THE TASK: All of the data that follows should be retyped exactly, please, except the pictures.

DATASET CONTENT:
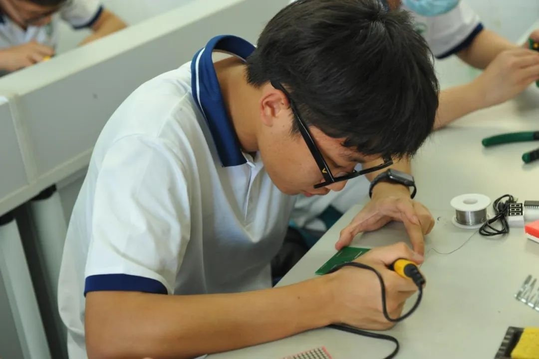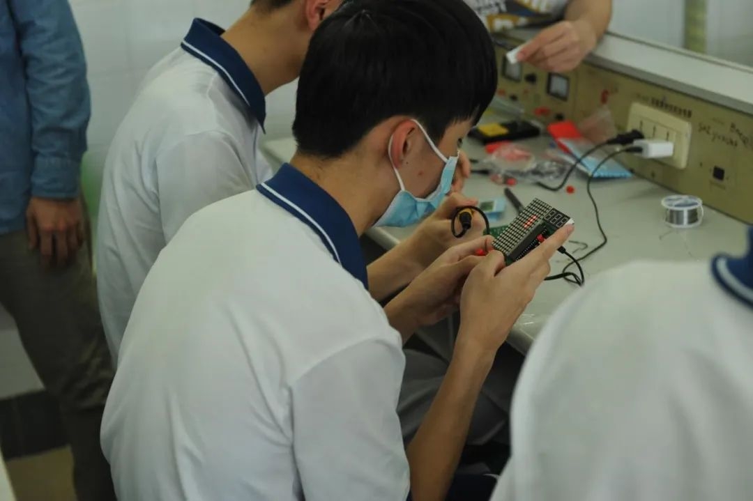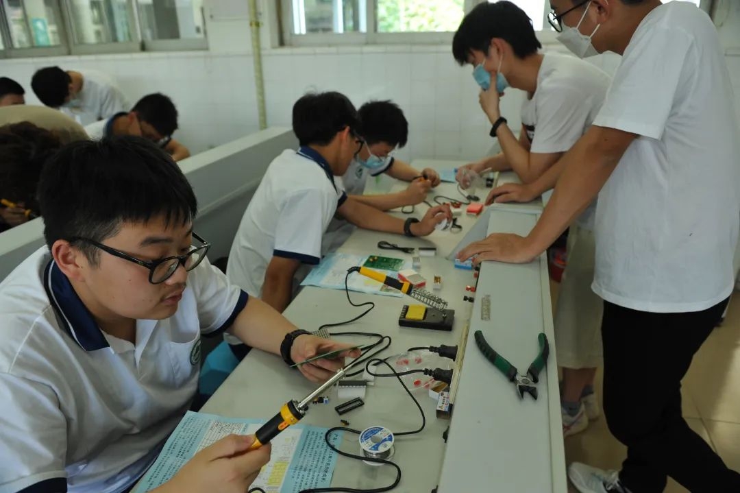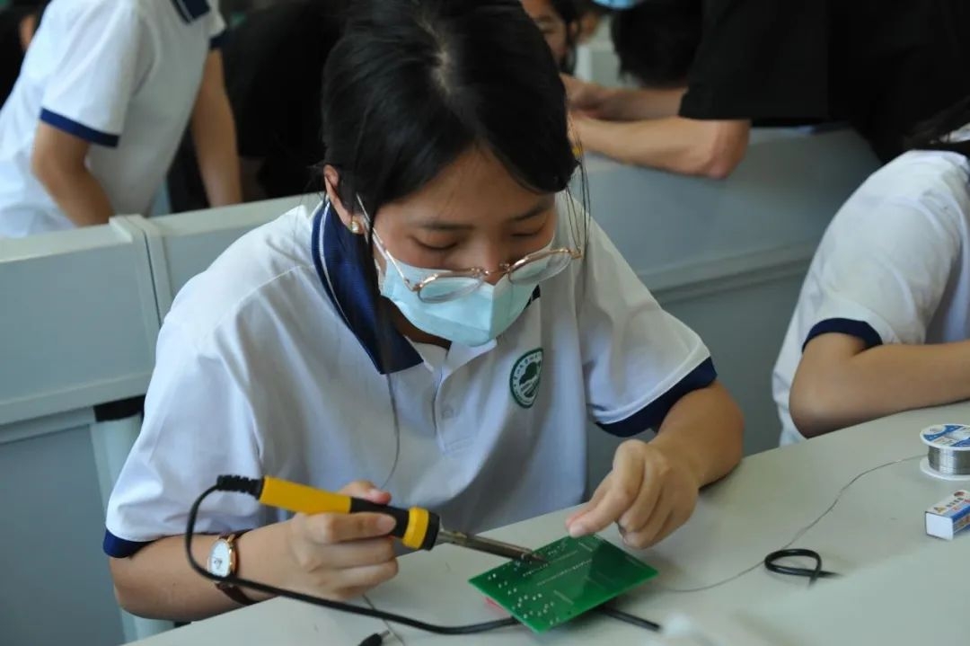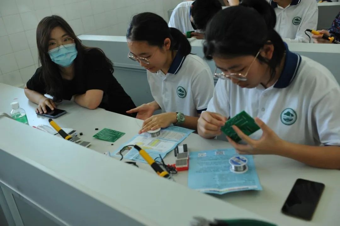 在不断地动手实践中,同学们进一步熟悉了焊枪焊接的技巧,精准地把握焊枪停留的时间和所用的锡量,焊接技术逐渐熟练。
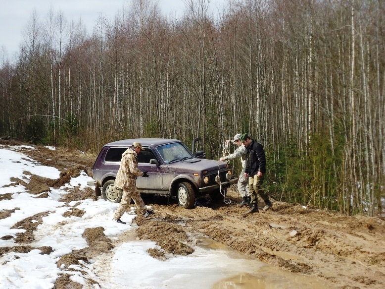 Лесная дорога оказалась даже круче , чем я себе ее представлял. Утром пробрались по замерзшей еще дороге, дернули по ходу севшую ниву и добрались удачно до самой поселухи, а вот обратно за день все растаяло и началось жесткое трофи в темноте через лес на протяжении 4 км. Адреналина хапнули думаю все не меньше моего. Спасибо всем за компанию и отличный выезд. Фотки все у ребят, может кто и выставит, а то у меня дома компа нет
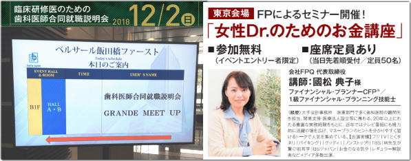 | 2018年12月 2日 「女性Dr.のためのお金講座~」セミナー講師を務めさせていただきました。 (主催:株式会社クオキャリア in:ベルサール飯田橋) |
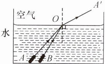 5. (2024·河南)如图,观光水池中,一束红光沿AO方向从水中射入空气,折射光线为OA'。若另一束红光沿BO方向从水中射入空气,请大致画出入射光线BO的折射光线,并标出对应的折射角r。

SOLUTION FOR THIS TASK:
 在不断地动手实践中,同学们进一步熟悉了焊枪焊接的技巧,精准地把握焊枪停留的时间和所用的锡量,焊接技术逐渐熟练。
 Лесная дорога оказалась даже круче , чем я себе ее представлял. Утром пробрались по замерзшей еще дороге, дернули по ходу севшую ниву и добрались удачно до самой поселухи, а вот обратно за день все растаяло и началось жесткое трофи в темноте через лес на протяжении 4 км. Адреналина хапнули думаю все не меньше моего. Спасибо всем за компанию и отличный выезд. Фотки все у ребят, может кто и выставит, а то у меня дома компа нет
 | 2018年12月 2日 「女性Dr.のためのお金講座~」セミナー講師を務めさせていただきました。 (主催:株式会社クオキャリア in:ベルサール飯田橋) |
 5. (2024·河南)如图,观光水池中,一束红光沿AO方向从水中射入空气,折射光线为OA'。若另一束红光沿BO方向从水中射入空气,请大致画出入射光线BO的折射光线,并标出对应的折射角r。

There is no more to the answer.